■ **Aim of the task**: All of the data that appears below is to be given again precisely as written.

(Stored items)
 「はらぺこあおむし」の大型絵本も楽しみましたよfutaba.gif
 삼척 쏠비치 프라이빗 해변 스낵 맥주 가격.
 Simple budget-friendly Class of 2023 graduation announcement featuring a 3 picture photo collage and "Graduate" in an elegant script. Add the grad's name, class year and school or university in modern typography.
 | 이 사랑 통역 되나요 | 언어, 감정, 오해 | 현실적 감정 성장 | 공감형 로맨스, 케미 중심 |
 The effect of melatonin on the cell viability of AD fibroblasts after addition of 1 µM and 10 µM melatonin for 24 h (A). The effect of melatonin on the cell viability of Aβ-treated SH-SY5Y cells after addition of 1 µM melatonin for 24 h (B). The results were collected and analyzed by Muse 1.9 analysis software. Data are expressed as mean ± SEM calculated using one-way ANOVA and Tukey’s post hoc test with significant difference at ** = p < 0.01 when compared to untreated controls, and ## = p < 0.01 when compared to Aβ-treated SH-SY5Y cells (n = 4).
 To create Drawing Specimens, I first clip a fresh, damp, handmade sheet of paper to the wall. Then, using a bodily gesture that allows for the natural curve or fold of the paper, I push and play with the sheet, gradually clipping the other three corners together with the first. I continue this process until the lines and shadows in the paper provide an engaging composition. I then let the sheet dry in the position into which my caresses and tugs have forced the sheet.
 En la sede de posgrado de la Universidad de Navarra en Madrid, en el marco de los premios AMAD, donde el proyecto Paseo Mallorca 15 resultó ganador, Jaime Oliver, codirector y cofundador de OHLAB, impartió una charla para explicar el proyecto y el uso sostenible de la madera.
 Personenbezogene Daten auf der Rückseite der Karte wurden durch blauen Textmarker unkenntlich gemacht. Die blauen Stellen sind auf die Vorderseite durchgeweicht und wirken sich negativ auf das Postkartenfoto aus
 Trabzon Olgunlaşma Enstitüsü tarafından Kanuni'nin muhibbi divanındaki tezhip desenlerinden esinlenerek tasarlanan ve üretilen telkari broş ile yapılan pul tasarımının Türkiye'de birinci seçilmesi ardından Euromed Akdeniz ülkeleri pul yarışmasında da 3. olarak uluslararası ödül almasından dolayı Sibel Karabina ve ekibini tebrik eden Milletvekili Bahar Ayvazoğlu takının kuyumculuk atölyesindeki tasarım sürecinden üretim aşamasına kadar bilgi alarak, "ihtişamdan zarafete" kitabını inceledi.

■ **Answer below**:
 「はらぺこあおむし」の大型絵本も楽しみましたよfutaba.gif
 삼척 쏠비치 프라이빗 해변 스낵 맥주 가격.
 Simple budget-friendly Class of 2023 graduation announcement featuring a 3 picture photo collage and "Graduate" in an elegant script. Add the grad's name, class year and school or university in modern typography.
 | 이 사랑 통역 되나요 | 언어, 감정, 오해 | 현실적 감정 성장 | 공감형 로맨스, 케미 중심 |
 The effect of melatonin on the cell viability of AD fibroblasts after addition of 1 µM and 10 µM melatonin for 24 h (A). The effect of melatonin on the cell viability of Aβ-treated SH-SY5Y cells after addition of 1 µM melatonin for 24 h (B). The results were collected and analyzed by Muse 1.9 analysis software. Data are expressed as mean ± SEM calculated using one-way ANOVA and Tukey’s post hoc test with significant difference at ** = p < 0.01 when compared to untreated controls, and ## = p < 0.01 when compared to Aβ-treated SH-SY5Y cells (n = 4).
 To create Drawing Specimens, I first clip a fresh, damp, handmade sheet of paper to the wall. Then, using a bodily gesture that allows for the natural curve or fold of the paper, I push and play with the sheet, gradually clipping the other three corners together with the first. I continue this process until the lines and shadows in the paper provide an engaging composition. I then let the sheet dry in the position into which my caresses and tugs have forced the sheet.
 En la sede de posgrado de la Universidad de Navarra en Madrid, en el marco de los premios AMAD, donde el proyecto Paseo Mallorca 15 resultó ganador, Jaime Oliver, codirector y cofundador de OHLAB, impartió una charla para explicar el proyecto y el uso sostenible de la madera.
 Personenbezogene Daten auf der Rückseite der Karte wurden durch blauen Textmarker unkenntlich gemacht. Die blauen Stellen sind auf die Vorderseite durchgeweicht und wirken sich negativ auf das Postkartenfoto aus
 Trabzon Olgunlaşma Enstitüsü tarafından Kanuni'nin muhibbi divanındaki tezhip desenlerinden esinlenerek tasarlanan ve üretilen telkari broş ile yapılan pul tasarımının Türkiye'de birinci seçilmesi ardından Euromed Akdeniz ülkeleri pul yarışmasında da 3. olarak uluslararası ödül almasından dolayı Sibel Karabina ve ekibini tebrik eden Milletvekili Bahar Ayvazoğlu takının kuyumculuk atölyesindeki tasarım sürecinden üretim aşamasına kadar bilgi alarak, "ihtişamdan zarafete" kitabını inceledi.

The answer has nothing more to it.